Снова, как после солнечного удара — в Америку — отыграть очередную роль?.. «Но я же теперь русский писатель», — думал, небрежно проковыривая лезвием грудь до сердца. Через меня написался текст, и ничто не будет прежним: я лягу на полку, покроюсь пылью, исчезну, но исчезновение мое будет оформлено в слова, оно будет, по крайней мере, овито словами. Как старый дом, трухлявый и дрянной, превращается в призрака, а его силуэт все еще овивают свежие, зеленые побеги, лианы, плющ — но забывают язык наследники, на котором написано имя дома, забывают предка-основателя и, наконец, однажды забывают даже то, что под зеленью были стены и фундамент. И вот все съедено землей, все сделалось землей, в прошлое наконец вернулось все, пытавшееся тщетно в будущее пойти.
С этим я вернулся. И Дамиан, перекуривший накануне, кашлявший дорóгой, как пьяный черт, встречал меня и принюхивался: «You changed lots» — его это не радовало. Напарник всегда боялся перемен во мне, ведь общее знание о природе будущего терзало нас тревогой.
Бормотал озлобленно, будто ненавидел, и трещина действительно пошла через меня: того меня уж нет, кого он провожал. Он встретил другого; знакомцы, нанизанные на прежнего меня, остались прежними, и жилища мои, и предметы, и даже одежда, что не истлела за семь-восемь лет, — я не любитель менять наряды, пусть тлеют, — словом, все прежнее. Но потекло новое через меня.
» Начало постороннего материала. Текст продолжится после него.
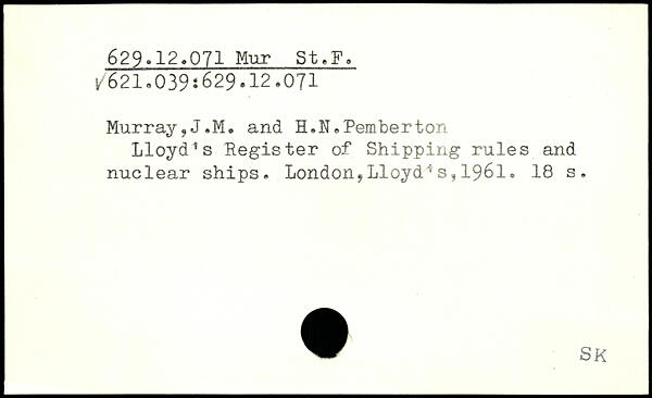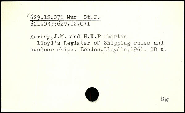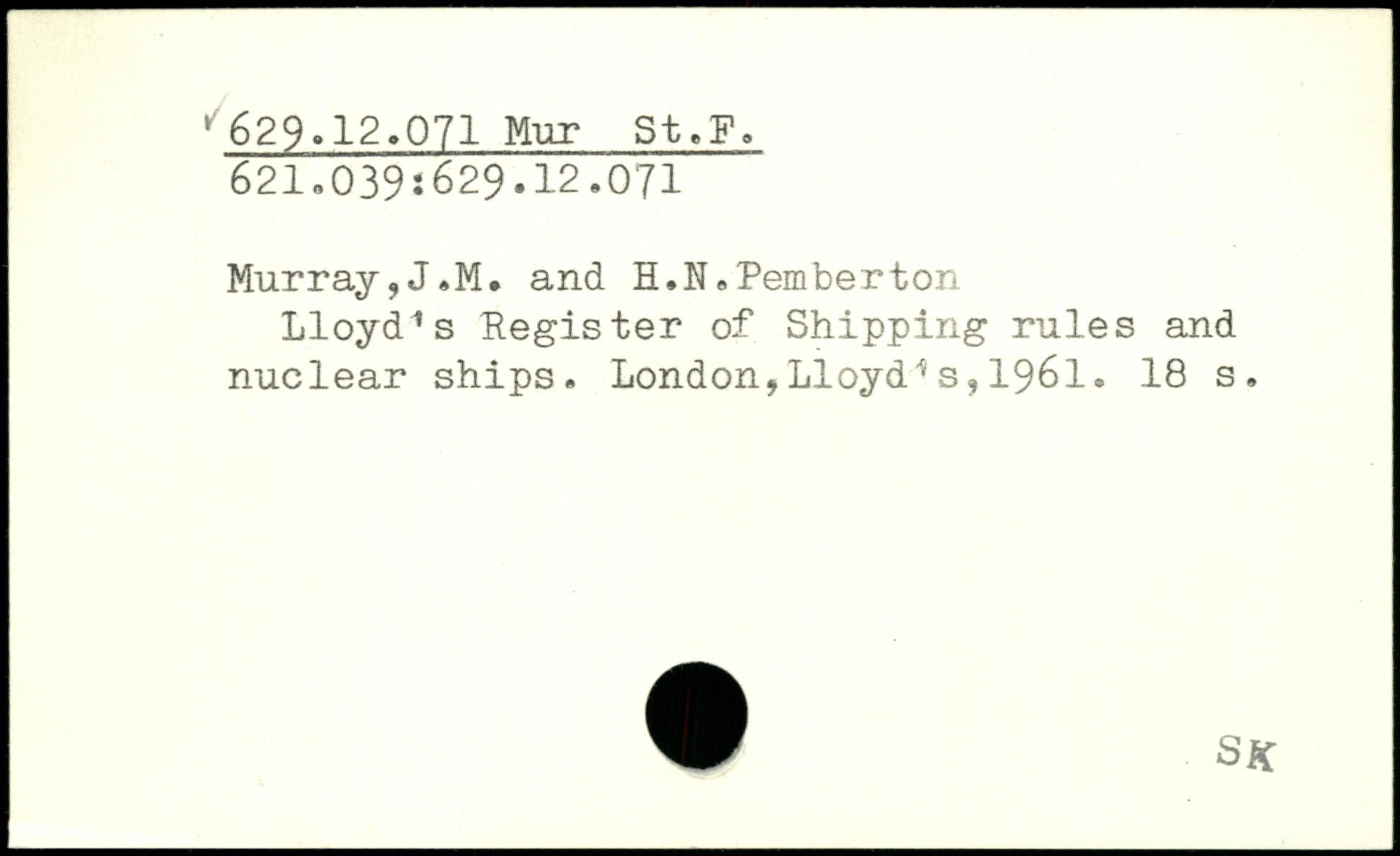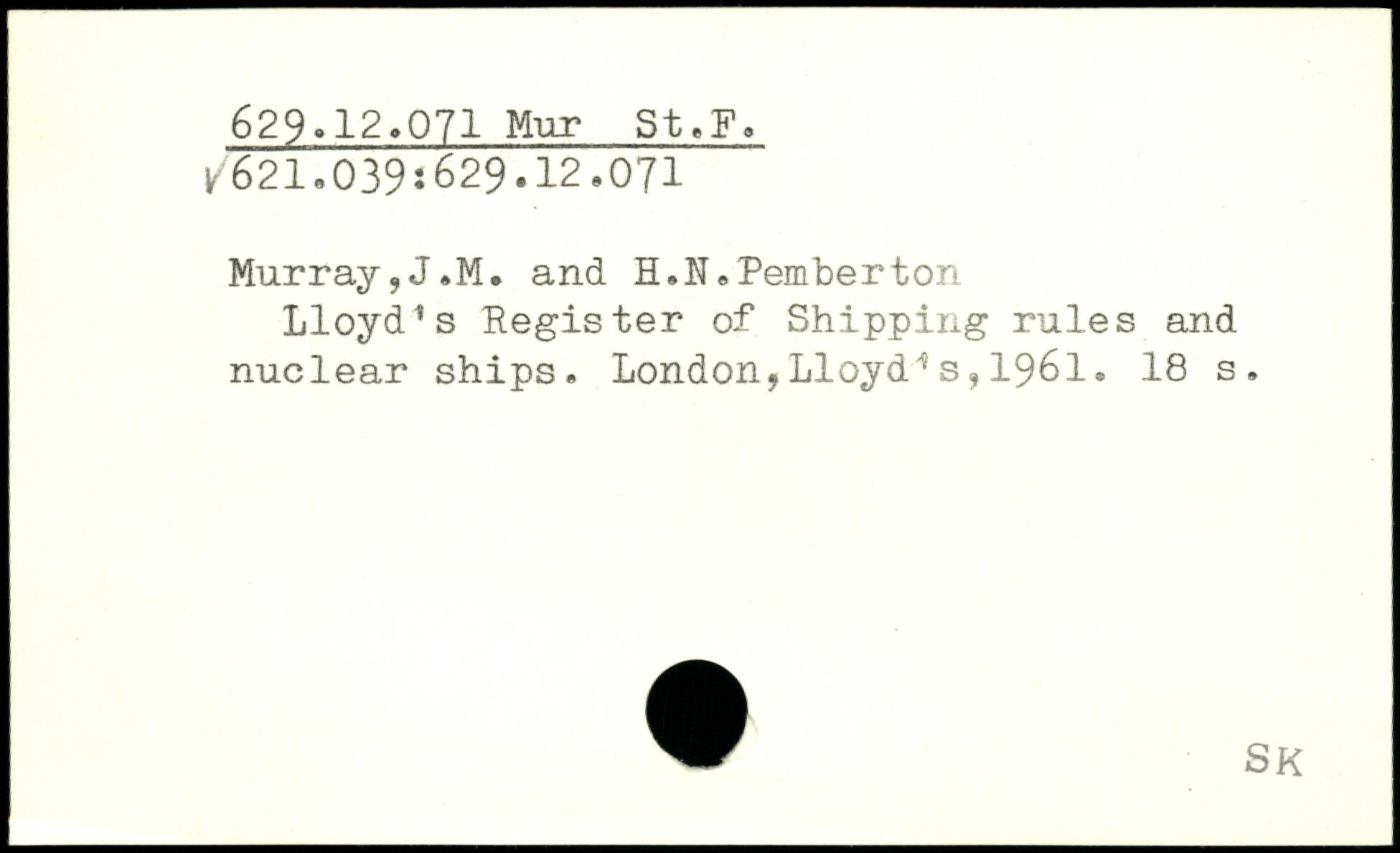 Lloyd1s Register of Shipping rules and nuclear ships. London,Lloyd^s,1961.
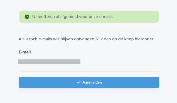 Het kan zijn dat uw klant zich heeft afgemeld voor de mailing, maar zich toch opnieuw wil aanmelden.
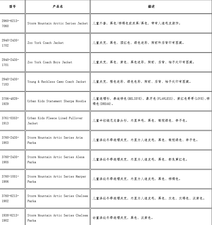 此次召回产品为儿童外套,帽子或腰部有拉绳和扣子。具体召回产品如下:
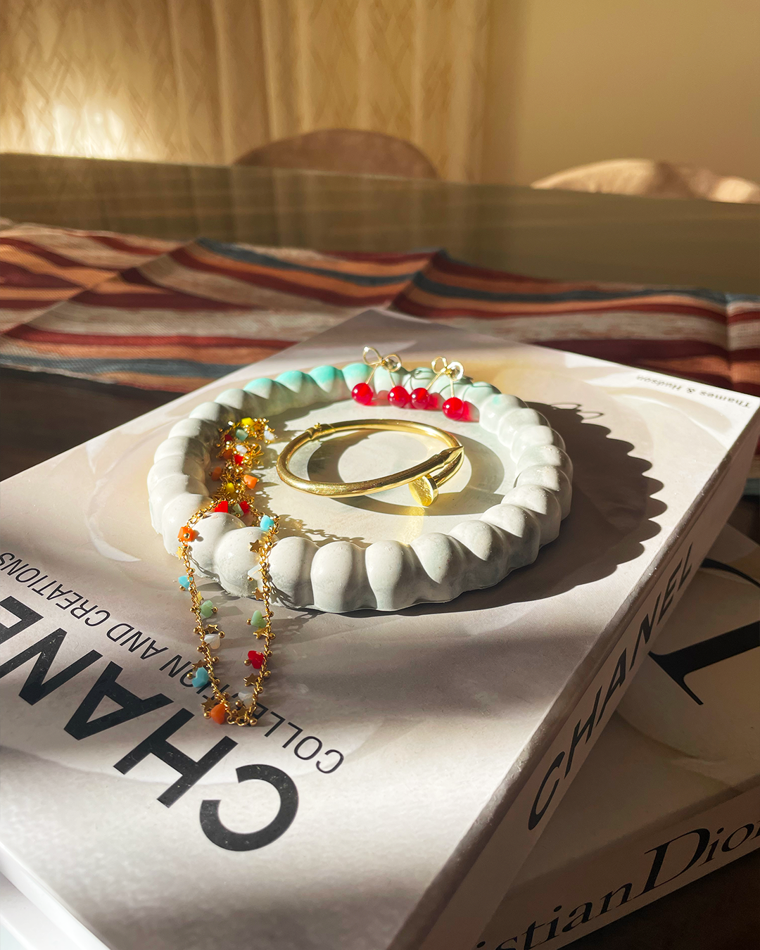Perfect for displaying jewelry, candles, or as a delicate accent on your vanity.

Я замер в медитации, в попытке забыть и простить, но эти старые (эпохи Возмездия) инструменты не могли сработать. Он прошептал злобно мне вслед: «You cannot work in the police if you continue to be like that, you’re worthless, you’re emptyheaded, men-up, forget her, become vicious and brutal again!.. Shit, that’s not my man, I don’t see my man anymore, what a heck of a man are you? Where is your power? Where is your aridity?.. I hate seeing you like that, I hate you!..» — и дальше плевался в меня, будто я был виноват. Ну а что поделать?..
Прошла во мне эпоха, и раз я выжил — подчиниться оставалось наступлению нового. Тут ничего не остается, как стать чем-то, к чему ты призван.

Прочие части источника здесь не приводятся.